In our culture, a saying is thrown around when referring to
someone who seems to have lost one’s self amidst the fast-paced, ever changing
world. We call this an identity crisis. Many times this term tends to label
angsty teenagers who lash out to their parents and peers because they are “just
trying to find themselves”, or a feed up middle aged father who buys a
convertible so he can feel young again. However, the concept of an identity
crisis can aptly be applied to the state of the feminine paradigm as we see it
today in modern society. In Seyla Benhabib’s essay “From Identity Politics to
Social Feminism: A Plea For the Nineties”, she highlights the constant struggle
for women to form a united voice and finally become equal to their male
counterparts. As she points out, since the birth of the feminist movement in “the eighteenth century and
particularly in the period of their articulation in mid-nineteenth and early
twentieth centuries, feminism and the women’s movements have always struggled
with dilemmas of equality and difference; equality with males versus being
different from them; preserving a women’s separate sphere versus becoming full
members of existing society by giving up women’s traditional spaces”(3). With
the heavy burden of recognizing what women are as whole, the final plunge to
gain equality once and for all seems very far away. If the female population
struggles with such an outright identity crisis, how can we move forward?
Benhabib
sheds light on the female identity crisis when she argues that the problem is
that “the clash of multiple identities as well as of the allegiances
which surround them have come out into the public; the continuous and
inevitable fragmentation of identities has made it almost impossible to develop
a common vision of radical transformation” (3).
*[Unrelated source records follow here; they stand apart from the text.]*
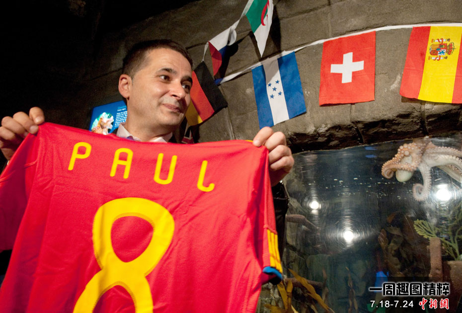 曾在2010年南非世界杯上大放異彩的“章魚哥”保羅再獲殊榮。西班牙卡瓦利諾市市長在德國奧博豪森水族館正式贈送給保羅一件印有它名字的西班牙隊隊服和保羅自己的青銅像,稱保羅為“城市最好的朋友”。
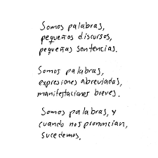 Las palabras somos nosotros, nuestras vivencias, nuestras ideas, nuestros pensamientos. Con ellas podemos manifestarnos, ser, expresar, querer, odiar, soñar… en una palabra, VIVIR y cuando las pronunciamos las cosas suceden, adquieren forma y sentido.
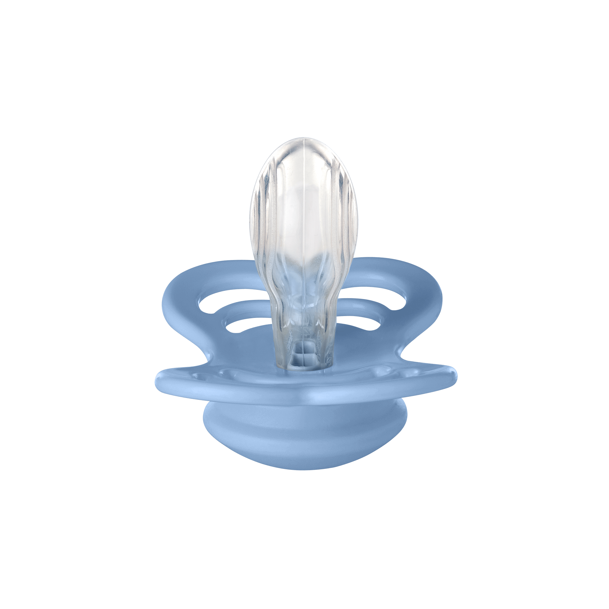 Część doustna smoczka jest symetrycznie spłaszczona, dzięki czemu konstrukcja umożliwia naturalne dopasowanie do jamy ustnej dziecka niezależnie od sposobu jej umieszczenia.
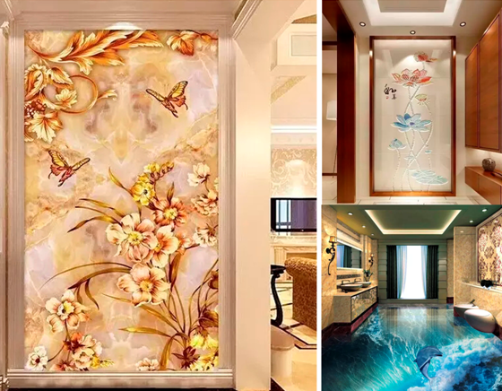 隨著UV數(shù)碼打印技術(shù)的不斷成熟和人們對(duì)家庭裝飾裝修要求的不斷提高,個(gè)性化定制越來(lái)越普遍,即客戶依房型、材料、尺寸請(qǐng)專業(yè)的設(shè)計(jì)師按個(gè)人喜好量身定做,然后安排生產(chǎn)、安裝。包括墻紙、壁畫、裝飾畫、玄關(guān)、吊頂、瓷磚背景墻、木紋拼花、紡真木紋地板、三聚氰胺移門、彩繪藝術(shù)玻璃等。

Although it can appear that
women are the source of the problem since they simply cannot form a unified
voice and identity. However, perhaps the root of this setback lies in where
women first formed their ideas of themselves. As secondary components in
patriarchal society, women have formed their self-concepts through the
ideologies and epistemologies of men. No doubt, if you were told from birth
that you were ugly and stupid, then you would grow up to believe you were both
ugly and stupid, despite being told differently by others. The same thing has
happened to women in our society. Despite the giant leaps that women have made
since the eighteenth century, they are still being told they are lesser than
men. An identity crisis is almost impossible to avoid. Benhabib notes the power of identity when she
states, “identities, personal as well as collective, are seen as ‘social
constructions’ with no basis of givenness in nature, anatomy, or some other
anthropological essence. Such social construction, most identity/difference
theorists also add, is to be understood as a process of social, cultural and
political struggle for hegemony among social groups vying with one another for
the imposition or dominance of certain identity definitions over others”(5). Benhabib
points out that identities are not inherent, but rather formed by social
constructions. If this is true, then our own brain does not form our ideas of
ourselves, but by the brains of others who came before us and forced us into a
select category they felt comfortable placing us in.
With the knowledge of identity as a social construction, it
is very easy to assume a submissive position, because what’s the point? Why
should I care about my place in society if it has already been perfectly mapped
out for me? Well, if I learned anything from this piece or Karlyn Campbell’s
piece, it’s that despite what lot we are given in life, we have every right to
challenge in order to make our own lives, as well as others, to change it for
the better.
Benhabib, Seyla. “From Identity Politics to Social Feminism:
A Plea for the Nineties.”
Web. http://www.ed.uiuc.edu/EPS/PES-Yearbook/94_docs/BENHABIB.htm.
1-13.
Do you ever think that the reason one unified female voice cannot exist is because the idea of "feminism" is too broad? There are so many different voices stemming from females that it almost seems that each branch should be recognized as individual and not under the same umbrella of feminism.